- **Work item**
Give back the full listing, character for character, with no pictures.

- **Given data**
____
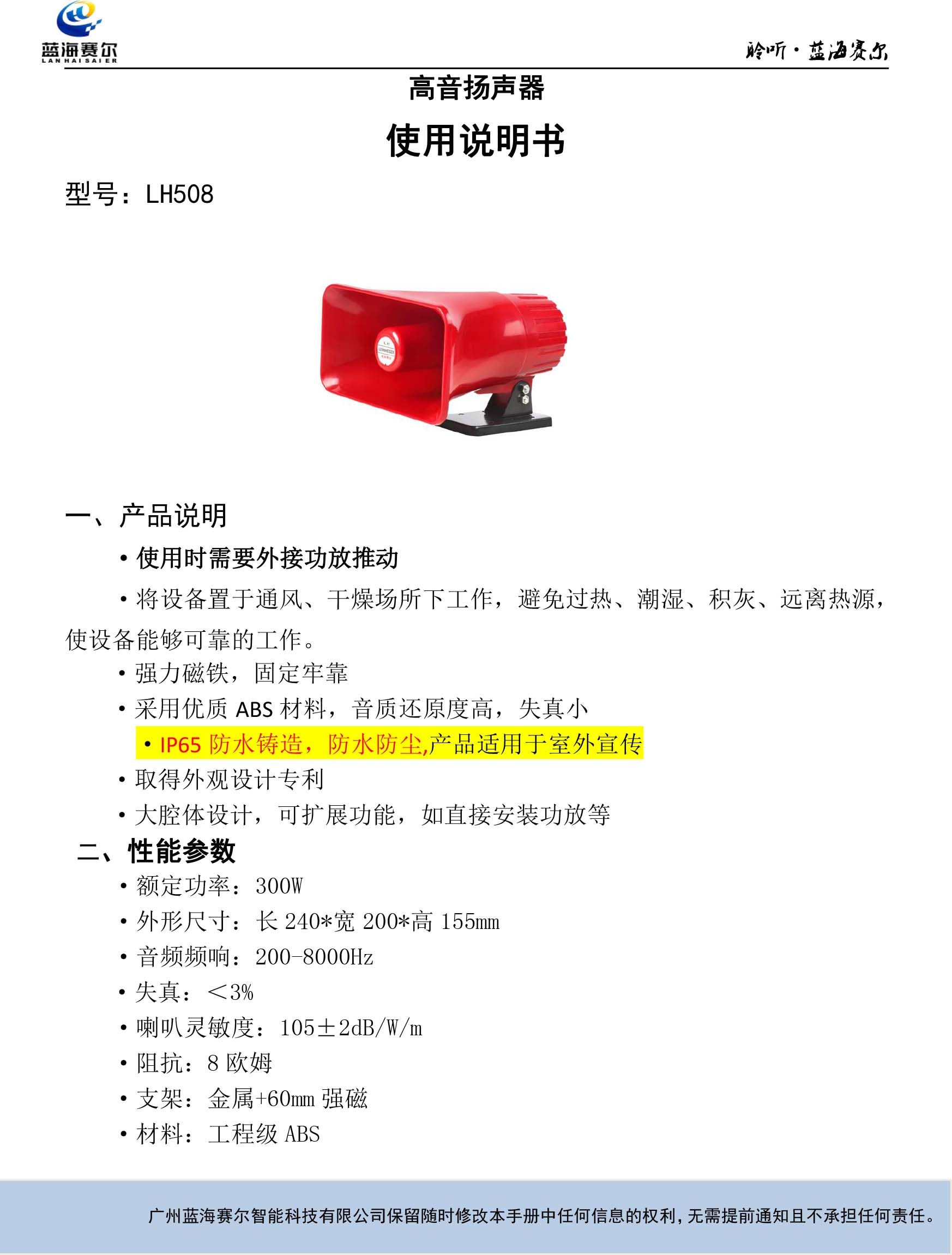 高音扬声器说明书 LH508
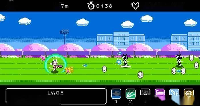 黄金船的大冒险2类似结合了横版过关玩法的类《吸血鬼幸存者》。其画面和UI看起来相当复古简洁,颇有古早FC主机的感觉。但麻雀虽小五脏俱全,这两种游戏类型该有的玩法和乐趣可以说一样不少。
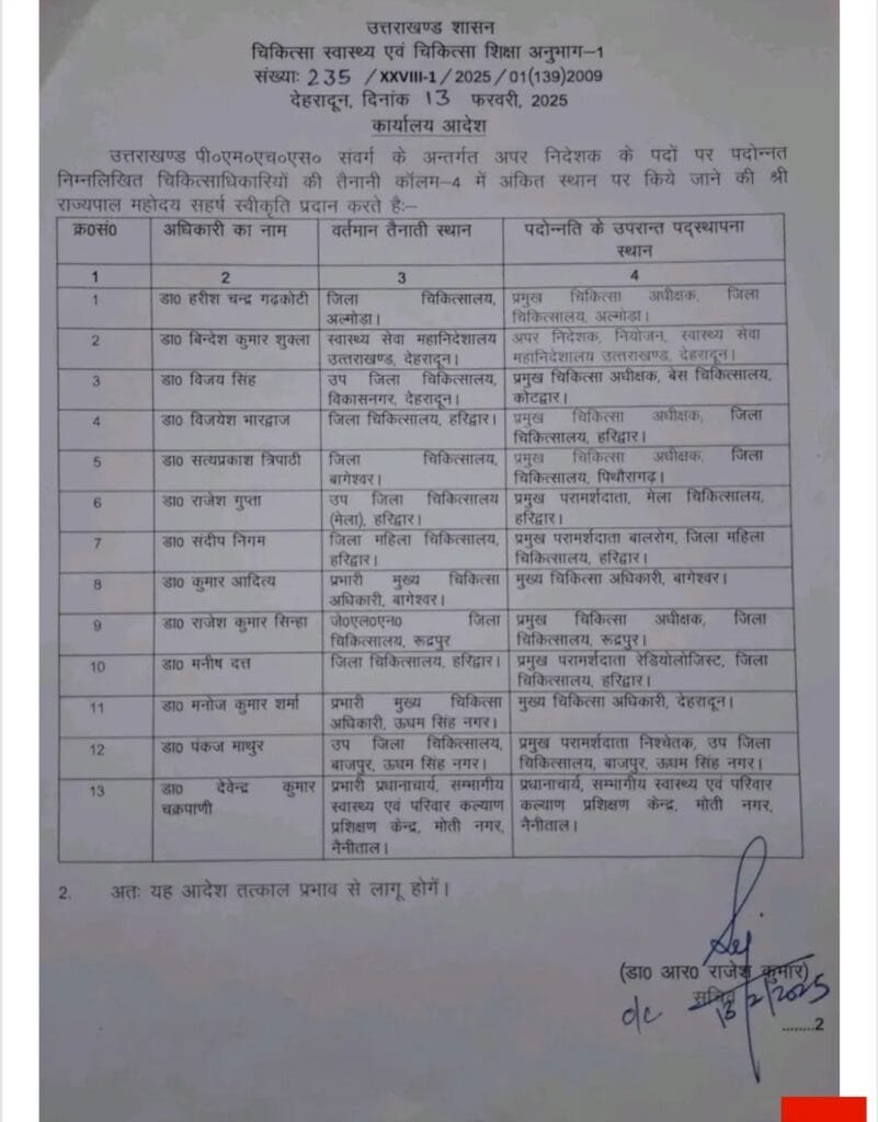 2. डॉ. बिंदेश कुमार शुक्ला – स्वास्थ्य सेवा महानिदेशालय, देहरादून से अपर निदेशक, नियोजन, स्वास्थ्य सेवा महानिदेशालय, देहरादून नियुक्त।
____
- **Result of the task**
 高音扬声器说明书 LH508
 黄金船的大冒险2类似结合了横版过关玩法的类《吸血鬼幸存者》。其画面和UI看起来相当复古简洁,颇有古早FC主机的感觉。但麻雀虽小五脏俱全,这两种游戏类型该有的玩法和乐趣可以说一样不少。
 2. डॉ. बिंदेश कुमार शुक्ला – स्वास्थ्य सेवा महानिदेशालय, देहरादून से अपर निदेशक, नियोजन, स्वास्थ्य सेवा महानिदेशालय, देहरादून नियुक्त।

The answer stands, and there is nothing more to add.